And at the time, I was looking for an apartment in the Netherlands, specifically in Amsterdam, because I was living in a different city, and I wanted to move to Amsterdam. And I had a specific apartment in mind that I wanted to move to. It's like a building complex with several types of apartments. Now the interesting bit about this specific place is called our domain. Basically how it works is you just need to go to the website, and once there is an available apartment, you pay for it, and it means that once you are able to pay, it means that you have the apartment.

Now, the problem is, for every apartment that is available in that building, it's essentially already booked, right? So every week, if maybe someone moves out, or there's an availability, they would update that every week on Wednesday at 12 p.m. So for the next one month, I would go to the website on Wednesday at 12 p.m. to check if there is an availability, right? So I was looking for a two-bedroom apartment. And of course, it took me a while to be able to find this. I was manually checking the websites every week, which was not nice. But thinking about the subject in question, browser automation, at the time, if I had known about this, this is something I would have done.

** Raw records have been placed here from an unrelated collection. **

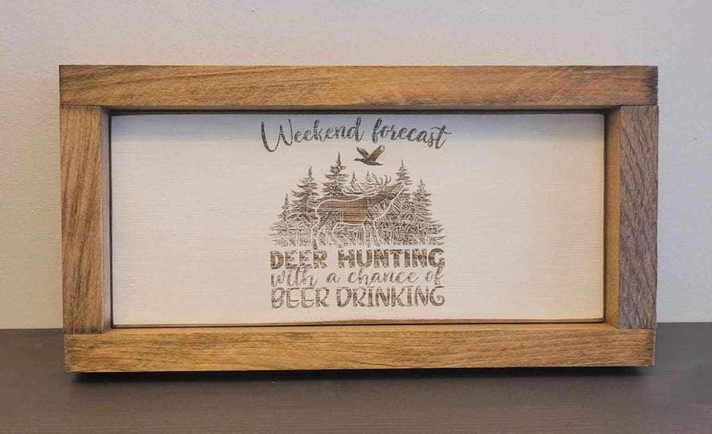 Laser engraved wood sign with hunting design; perfect for outdoor enthusiasts and rustic decor.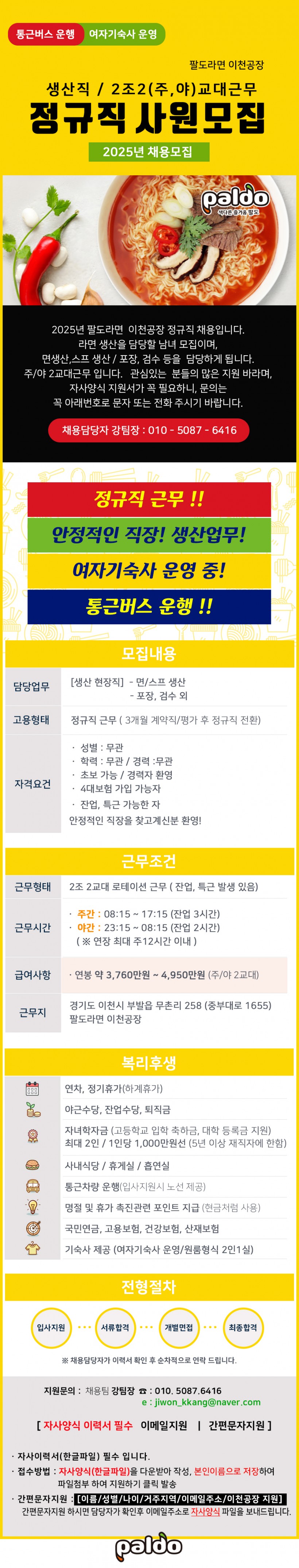 [경기도 이천] 생산직 남녀 채용모집 2025.04.28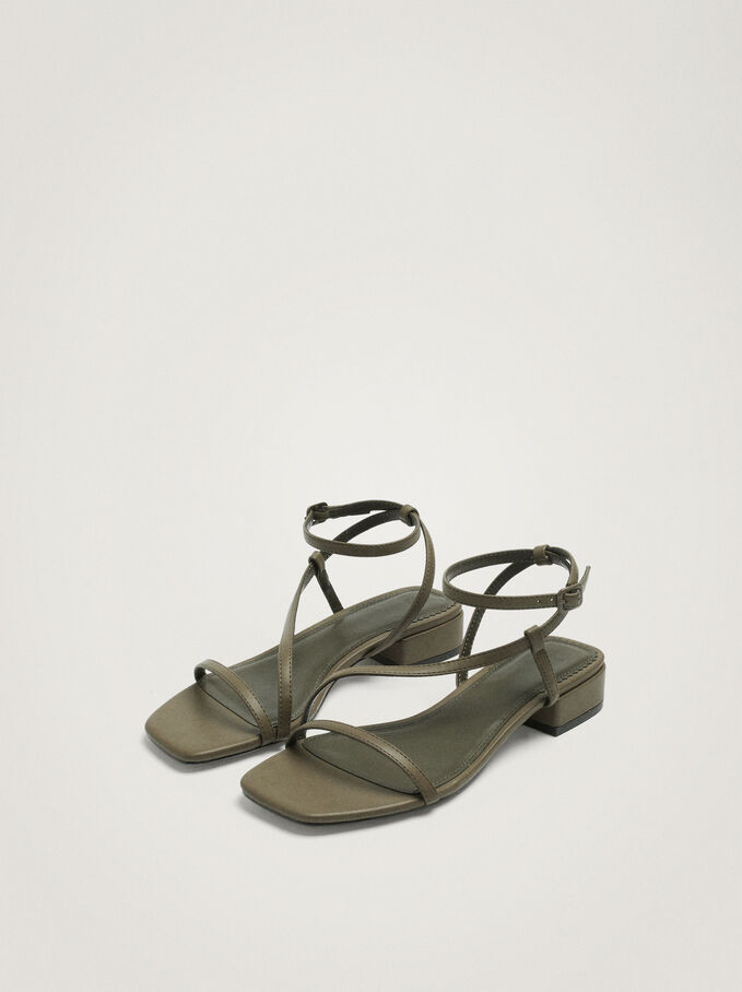 Este modelo es una sandalia plana con un poco de tacón y punta cuadrada En un bonito color caqui un poco metalizado y con detalle de tiras cruzadas que acaban en pulsera con hebilla en el tobillo.

2. Automating Tasks with Browser Rendering API#

Short description:

The Worker's Browser Rendering API allows you to automate tasks within your browser, such as navigating to a website, taking screenshots, and creating PDFs. I used it to automate the process of finding an apartment, navigating to the website at the specific time, and paying for the available apartment. Browser automation can also be used for tasks like email automation. Cloudflare Workers is a serverless environment that supports multiple programming languages like JavaScript, TypeScript, and Python. The Cloudflare developer platform offers the browser rendering API, which allows developers to control and interact with a headless browser instance. This API is based on Puppeteer, a Node.js library from the Chrome DevTools team.

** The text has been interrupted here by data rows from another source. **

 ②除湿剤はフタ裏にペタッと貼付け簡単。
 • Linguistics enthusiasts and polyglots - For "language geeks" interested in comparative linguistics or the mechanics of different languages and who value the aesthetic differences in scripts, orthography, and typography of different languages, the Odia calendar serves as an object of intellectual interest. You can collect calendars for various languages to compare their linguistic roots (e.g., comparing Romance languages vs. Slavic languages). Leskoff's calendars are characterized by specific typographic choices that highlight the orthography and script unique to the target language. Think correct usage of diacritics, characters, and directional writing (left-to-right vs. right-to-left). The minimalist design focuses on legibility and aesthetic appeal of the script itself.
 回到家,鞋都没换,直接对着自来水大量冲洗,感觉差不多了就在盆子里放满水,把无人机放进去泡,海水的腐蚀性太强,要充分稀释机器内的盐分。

But just so if anyone has this problem, this is how I solved it, using browser automation. So the Worker's Browser Rendering API basically allows you to, you know, run automation within your browser. You could do things like, you know, navigate to a specific website, take a screenshot of the website, create a PDF out of the website, and so on.

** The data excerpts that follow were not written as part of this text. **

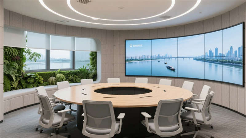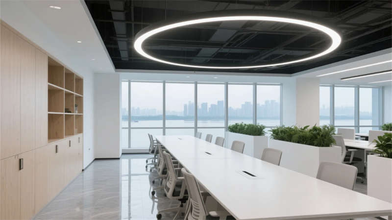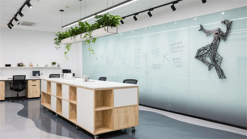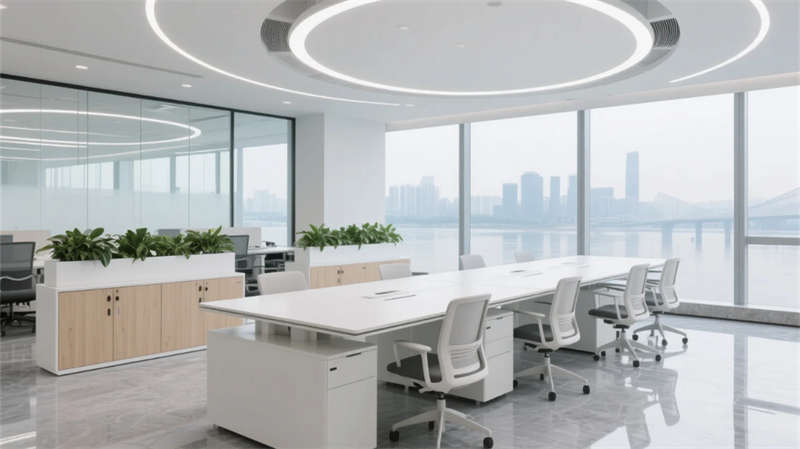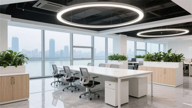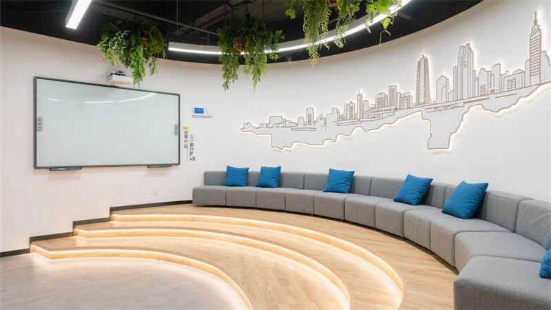 開放辦公區(qū)以模塊化綠植隔斷柔化邊界,智能會(huì)議艙曲面屏動(dòng)態(tài)呈現(xiàn)江岸線,賦予協(xié)作以在地詩意。創(chuàng)意實(shí)驗(yàn)室的可書寫玻璃墻與磁吸家具激發(fā)即興創(chuàng)造,而階梯沙龍區(qū)弧形燈帶如江水蜿蜒,引導(dǎo)思想交匯。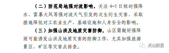 7月3日12时,光山县气象局发布重要天气报告:受3号台风“暹芭”和低层急流共同影响,预计4日傍晚到5日夜里我县有一次大到暴雨、局部大暴雨天气,累积降水量100毫米左右,局地130~170毫米,并伴有短时强降水、雷暴大风等强对流天气。此次过程影响范围广、降水量大、持续时间较长,需加强防范中小河流洪水、城区积水、农田渍涝、山洪地质灾害,做好强降水和强对流天气引发次生衍生灾害的防御工作。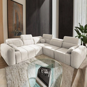 Narożnik z funkcją spania Cetara III kremowy prawostronny ergonomiczny narożnik z przesuwanym oparciem i regulowanymi zagłówkami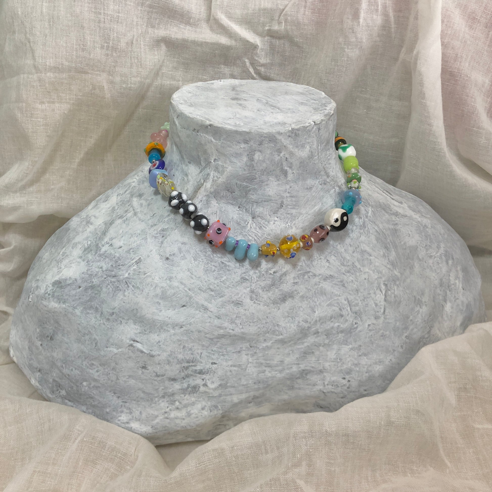 ガラスビーズ(とんぼ玉)、陶器ビーズ、メタルビーズ、シードビーズの一点物ハンドメイドネックレス♪

So for my specific use case, instead of going to the website on Wednesday at 12 p.m. every single week, I wanted to automate this process, right? I wanted to allow my browser do that for me, without me having to do it myself. So what did I do? I essentially wrote the browser rendering worker that would navigate to the specific website at the specific time. Honestly, I just would run this every single time, just because I wanted to be sure that I could find an apartment, right? So what this does is, it navigates to the websites, takes a screenshot of the specific availability page. So if there is an availability at a time, the website is going to tell me that, oh, you're lucky. There is currently an apartment available. In fact, at this specific time, there was three different apartments available. So I was able to, you know, go to the website and pay for the apartment that I wanted to do.

Of course, this is just a cool example that, you know, browser automation can help you with. There's so much more that you can do. For example, with this demo, I could as well go one step further to make a Chrome job that I would make this worker run at a specific day every week. Or I could also add like email automation where if there's an apartment, instead of like returning the value of the apartment to the website, I could send myself an email and I would be automatically informed of the availability, right? So that's an actual use case that I think browser automation can help with.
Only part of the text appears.